Die Art, wie Sjöberg das Wort Captain betonte, verhieß schlechte Neuigkeiten. Der Admiral verzog sein Gesicht, strich kurz über seinen Vollbart und streckte den Rücken kerzengerade durch.

»Sir?«

»Sie können sich zweifellos vorstellen, welch ein Gerangel es bei der Verteilung der Posten auf der HYPERION gab. Innerhalb der Admiralität kam es zu einem heftigen Disput über die Besetzung des Kommandobrückenpersonals.«

Jayden nickte.

»Vergessen Sie das nicht.« Sjöberg biss sich auf die Unterlippe. »Ihre Ernennung war nicht das Problem. Was kann schon gegen einen Captain eingewendet werden, der von der Präsidentin persönlich den Tapferkeitsorden der Solaren Union umgehängt bekommen hat?!«

Ich habe nicht darum gebeten, dachte Jayden. Es fiel ihm schwer, den Ausführungen des Admirals zu folgen, ohne diesem deutlich zu sagen, was er von alledem hielt.

»Abgesehen von Ihrem Schiffspsychologen, Commander Tauser, wurden all Ihre spezifischen Personalanforderungen abgelehnt.«

Jayden gelang es nur mit Mühe, Fassung zu bewahren. Noch während der Rekonvaleszenz auf Kassiopeia hatte er eine Liste der Führungsoffiziere zusammengestellt, die er für sein neues Kommando haben wollte. Ab und an kam es vor, dass einer solchen Anforderung nicht nachgegeben werden konnte, weil die entsprechenden Offiziere auf ihrem Posten benötigt wurden. Doch er hatte sich informiert. Bei seinen Anforderungen war das nicht der Fall gewesen. »Alle!?«

»Ich fürchte, so ist es. Es ist mir gelungen, Ihnen eine solide Crew zusammenzustellen, was mich eine Menge Gefallen gekostet hat. Bedenken Sie, dass alle politischen Fraktionen zufriedengestellt werden mussten. Mehr war einfach nicht drin.«

In diesen Momenten verfluchte Jayden lautlos die verkrusteten Strukturen der Admiralität. Nichts ging mehr ohne Gefallen, persönliche Beziehungen und Verbindungen in die Kreise der großen Firmendynastien.

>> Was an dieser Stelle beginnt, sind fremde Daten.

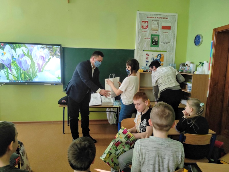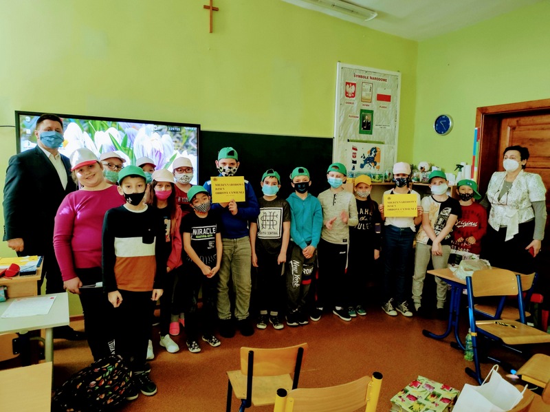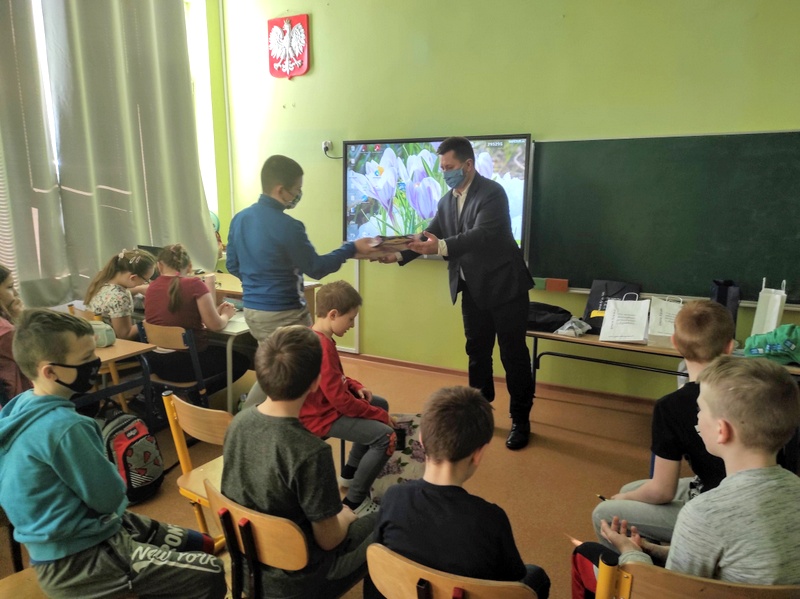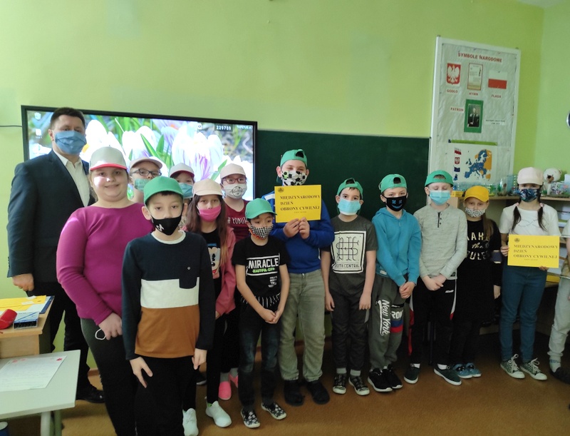 Na zakończenie prelekcji uczniowie odpowiadali pisemnie na pytania związane z obroną cywilną. Miłym akcentem spotkania było przekazanie dzieciom upominków: czapek, maseczek ochronnych oraz innych niespodzianek, które goście wręczyli wylosowanym osobom. Wójt i jednocześnie szef obrony cywilnej w naszej gminie wylosował dwa szczególne upominki: czujniki tlenku węgla, czyli czadu. Dzięki czujnikom rodziny Mariki i Jakuba będą mogli spokojnie korzystać z takich urządzeń jak: kocioł grzewczy, ogrzewacz wody, kominek, kuchenka gazowa, piec (niesprawne są często przyczyną wydzielania się tlenku węgla). Takie detektory czadu powinny znaleźć się w każdym gospodarstwie domowym!

»Ich verstehe, Sir. Darf ich fragen, wer mein Erster Offizier ist?«

»Commander Noriko Ishida.«

Jayden gelang es gerade noch, nicht impulsiv die Faust auf den Tisch zu schlagen. »Die Ishida?«

»Lassen Sie sich nicht von Vorurteilen leiten, Captain. Commander Ishida wurde von mir persönlich als I.O. der HYPERION ausgewählt. Mir ist bewusst, dass innerhalb der Flotte allerlei Gerüchte über die Ereignisse kursieren, die zum Verlust der INCEPTION geführt haben. Vertrauen Sie meinem Urteil: Nichts davon trifft zu. Geben Sie ihr eine Chance.« Der Tonfall Sjöbergs machte klar, dass er keine Bitte aussprach.

 

Jayden nickte, wenn auch gezwungen. Eigentlich sollte er über solchen Vorurteilen stehen. Als Dynastiespross hatte er einen harten Weg in der Flotte zurückgelegt. Immer wieder hatten seine Kameraden es ihn spüren lassen, was sie in ihm sahen. Einen zweitklassigen Offizier, der es nicht verdient hatte, die Uniform zu tragen. Der nur aufgrund persönlicher Gefallen und Vetternwirtschaft aufgenommen worden war. Immer wenn die Presse über Einsparungen oder Massenentlassungen bei einem der großen Familienkonzerne berichtete, hatten sie es ihn spüren lassen. Denn er war einer von denen. »In Ordnung.«

»Begeben Sie sich zu Orbitalpod 27. Ein Schnellshuttle fliegt Sie zur Orbitalwerft 1 im Marsorbit.«

Cross schüttelte dem Admiral die Hand, dann machte er sich auf den Weg. Sein erstes eigenes Kommando wartete auf ihn. Die Admiralität vertraute ihm ein neues Schiff an, eine neue Besatzung, vertraute ihm das Leben dieser Männer und Frauen an. Er sollte sie befehligen und beschützen.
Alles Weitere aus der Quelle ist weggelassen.